In vivo SUMOylation assay.

The in vivo SUMOylation assay was carried out as previously described (14, 30). Briefly, Cos-7 cells (2 × 106) were seeded in 10-cm plates and transfected 24 h later with 5 μg of the indicated receptor and HA-SUMO3 expression vectors. Y1 cells (2 × 106) were seeded in 10-cm plates and 24 h later were transfected with 3 μg of the indicated receptor and HA-SUMO3 expression vectors. After 48 h, cells were harvested in 700 μl lysis buffer (500 mM NaCl, 10 mM imidazole, 45 mM Na2HPO4, 5 mM Na2H2PO4, 8 M urea, pH 8) containing complete protease inhibitors without EDTA (1 tablet/10 ml; Roche) and sonicated. The lysates were cleared and incubated with 100 μl of 50% Ni2+-nitrilotriacetic acid agarose (Qiagen) at room temperature for 60 min on a rotator. The resin was washed three times in wash buffer 1 (400 mM NaCl, 10 mM imidazole, 17.6 mM Na2HPO4, 32.4 mM Na2H2PO4, 8 M urea, pH 6.75) and two times in wash buffer 2 (150 mM NaCl, 10 mM imidazole, 17.6 mM Na2HPO4, 32.4 mM Na2H2PO4, pH 6.75). Samples were resuspended in 3× EDTA sodium dodecyl sulfate-polyacrylamide gel electrophoresis (SDS-PAGE) sample buffer. Samples (15 μl) were resolved by 10% SDS-PAGE and processed for immunoblotting using monoclonal anti-FLAG immunoglobulin G (Sigma) or anti-HA-11 (Covance) primary antibodies and anti-goat peroxidase conjugate (Santa Cruz Biotechnology) and anti-mouse immunoglobulin G-peroxidase conjugate (Bio-Rad) secondary antibodies. Images were captured in a Kodak Image Station 440 CF using Super Signal West Femto substrates (Pierce). For ACTH treatment experiments, Y1 cells (2 × 106) were seeded in 10-cm plates and, 24 h later, serum deprived in DMEM supplemented with 0.05% bovine serum albumin, followed by transfection with 3 μg HA-SUMO3 expression vector and the indicated receptor expression vector. Twenty-four hours after transfection, the cells were treated with 2.5 μM α-amanitin for 2 h. The cells were washed twice with phosphate-buffered saline (PBS), and fresh serum-free medium was added 30 min prior to ACTH (10 nM) stimulation for the indicated times.

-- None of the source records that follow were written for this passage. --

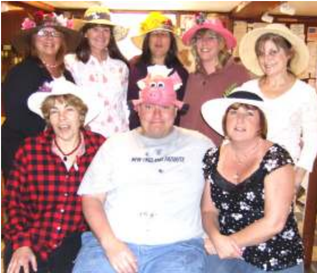
The Ladies in there Derby Bonnets along with "Miss Piggy" in the center.
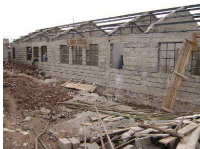
The Korogocha School well underway to completion

Granaghan Outreach was able to provide a donation of £10,000 in January 2008 to get this project started, while substantial local support was provided to reach the target cost. Regular progress reports of the construction are received with the four classroom building ready for the roof.
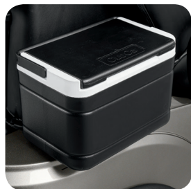
Caddy Master Cooler
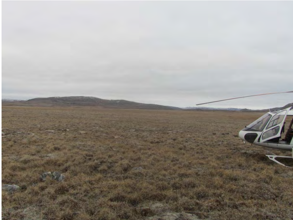
Photo B.3 - Approximate camp location, looking northeast
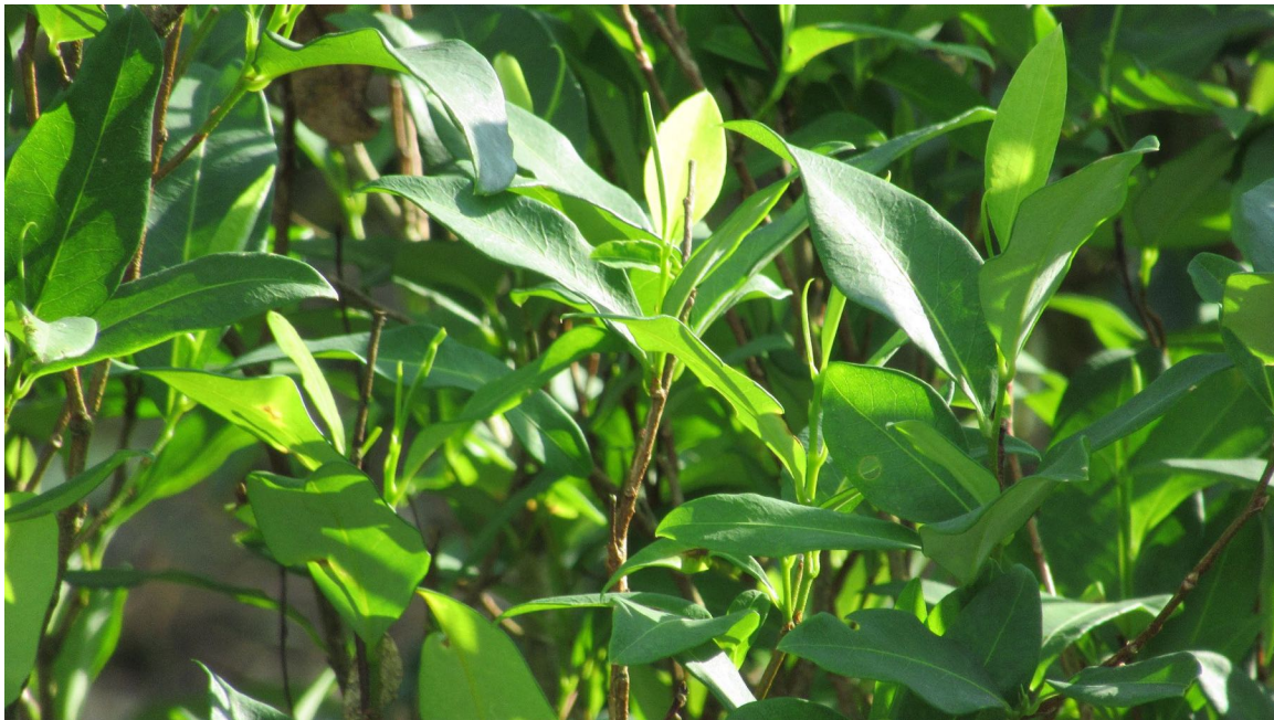
Putumayo, Colombia.

hungry and burying their product as the cocaine market struggled to adjust—which it did in a matter of months.

Immunoprecipitation assays.

Stable Y1 cells (2 × 106) were seeded onto 10-cm plates. After 24 h, cells were harvested and lysed in lysis buffer (40 mM HEPES, 120 mM sodium chloride, 10 mM sodium pyrophosphate, 10 mM sodium glycerophosphate, 1 mM EDTA, 50 mM sodium fluoride, 0.5 mM sodium orthovanadate, 1% Triton X-100) containing protease inhibitor cocktail (Sigma), followed by rotation for 1 h at 4°C to solubilize the proteins. Soluble protein was collected and immunoprecipitated with the indicated antibody overnight. Protein A-agarose beads were added to the protein lysates for 2 h in the cold room. The beads were centrifuged and washed at least three times with lysis buffer. The proteins were eluted by boiling them in 50 μl of 2× Laemmli sample buffer, resolved by 7.5% SDS-PAGE, and processed for immunoblotting as described below.

Immunoblotting.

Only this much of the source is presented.